Cour d’appel de Paris, Pôle 6 – Chambre 6, 28 mai 2026 – RG n°22/07889
Les faits
Une salariée interjette appel du jugement d’un Conseil de Prud’hommes l’ayant débouté de l’ensemble de ses demandes, parmi lesquelles une demande tendant à voir résilier judiciairement son contrat de travail.
Toutefois, en cours de procédure à hauteur d’appel, la salariée est licenciée par son employeur pour inaptitude, après autorisation de l’inspecteur du travail.
Dès lors, elle sollicite de la Cour, dans un second jeu de conclusions, que soit prononcée la nullité de son licenciement.
La question de la recevabilité de ses demandes, au regard des articles 564 et 915-2 alinéa 2 du code de procédure civile, se posent.
Aux termes du premier de ces textes à peine d’irrecevabilité relevée d’office, les parties ne peuvent soumettre à la cour de nouvelles prétentions.
Le second dispose quant à lui de l’obligation de concentration des prétentions au fond des parties dans les premières conclusions qu’elles remettent au greffe dans les délais impartis, à peine d’irrecevabilité relevée d’office.
La décision
La Cour rappelle que conformément à l’article 915-2 alinéa 3 du code de procédure civile, les prétentions destinées à faire juger les questions nées postérieurement aux premières conclusions demeurent recevables, dans la limite des chefs du dispositif du jugement critiqués.
En l’espèce, elle constate que le licenciement est intervenu alors que la procédure d’appel était pendante.

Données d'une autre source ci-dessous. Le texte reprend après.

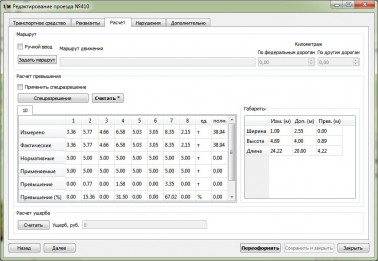 • Расчет перегруза, как в весовом, так и в процентном соотношениях, согласно постановлению № 12 и 248-ФЗ;

Aussi, la salariée ne pouvait pas former devant le Conseil de Prud’hommes une demande tendant à la nullité de son licenciement, celui-ci n’étant pas intervenu à l’époque de sa saisine.

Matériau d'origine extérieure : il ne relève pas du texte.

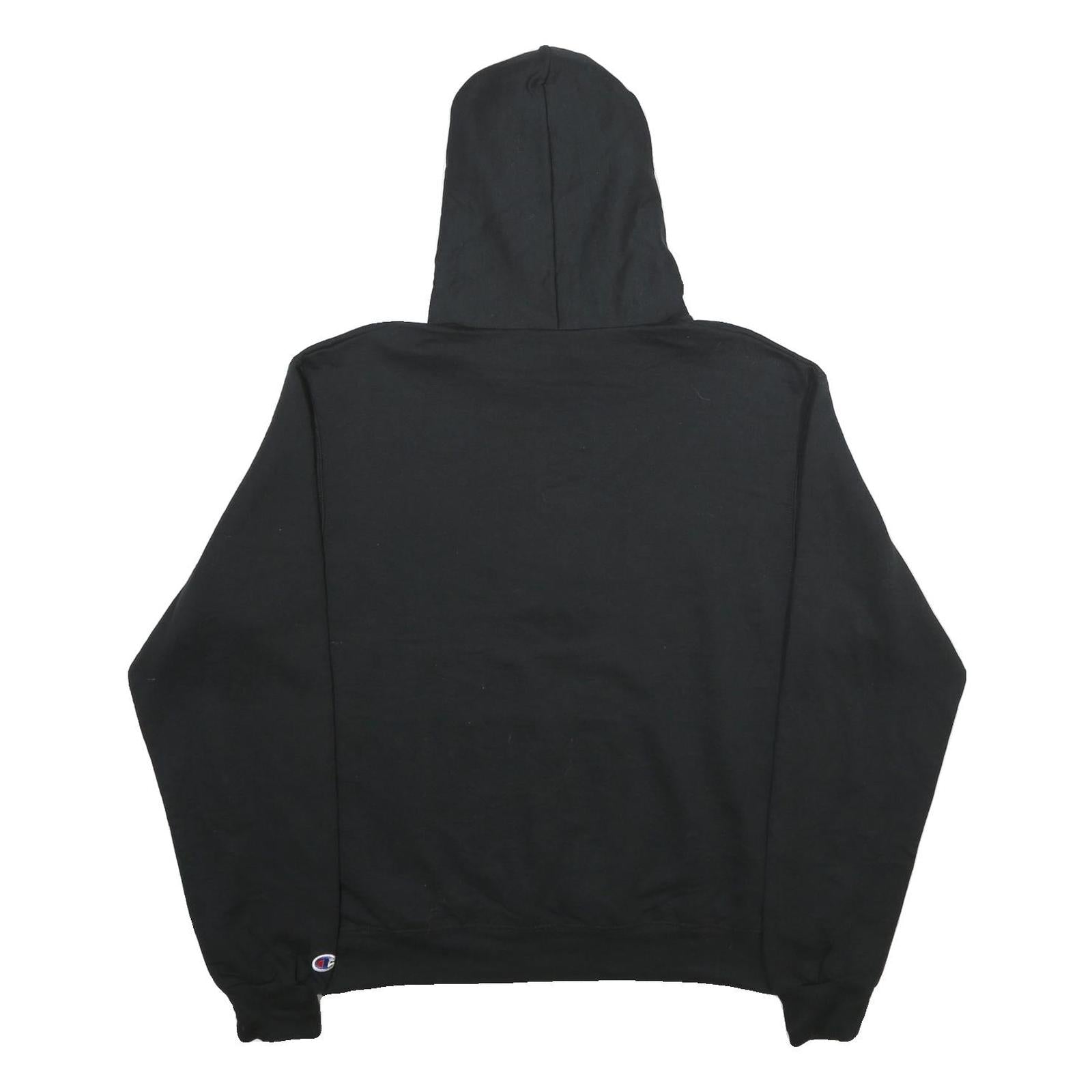 The fabric is soft and robust, typical of Champion's quality sportswear, offering both warmth and breathability. This medium-sized hoodie has long sleeves with ribbed cuffs and a ribbed hem for a secure fit. The Champion logo is subtly embroidered on the sleeve cuff near the waistband, adding an authentic branded touch. The relaxed fit is ideal for casual wear or sporty layering.

Au regard de l’évolution du litige, et de la révélation d’un fait nouveau en cours de procédure, la Cour déclare la demande de nullité du licenciement formée par la salariée recevable.
À retenir
Une demande nouvelle formée pour la première fois en appel n’est pas nécessairement irrecevable. Si, en principe, ajouter une prétention dans un dans un jeu de conclusions ultérieur à ceux prévus par les articles 906-2 et 908 à 910 contrevient à l’obligation de concentration des prétentions, cela n’est pas systématiquement le cas.
Pour être recevable, cette demande doit toutefois reposer sur un fait nouveau survenu en cours de procédure, de nature à faire évoluer le litige. Il appartient à la partie qui s’en prévaut d’en faire la démonstration.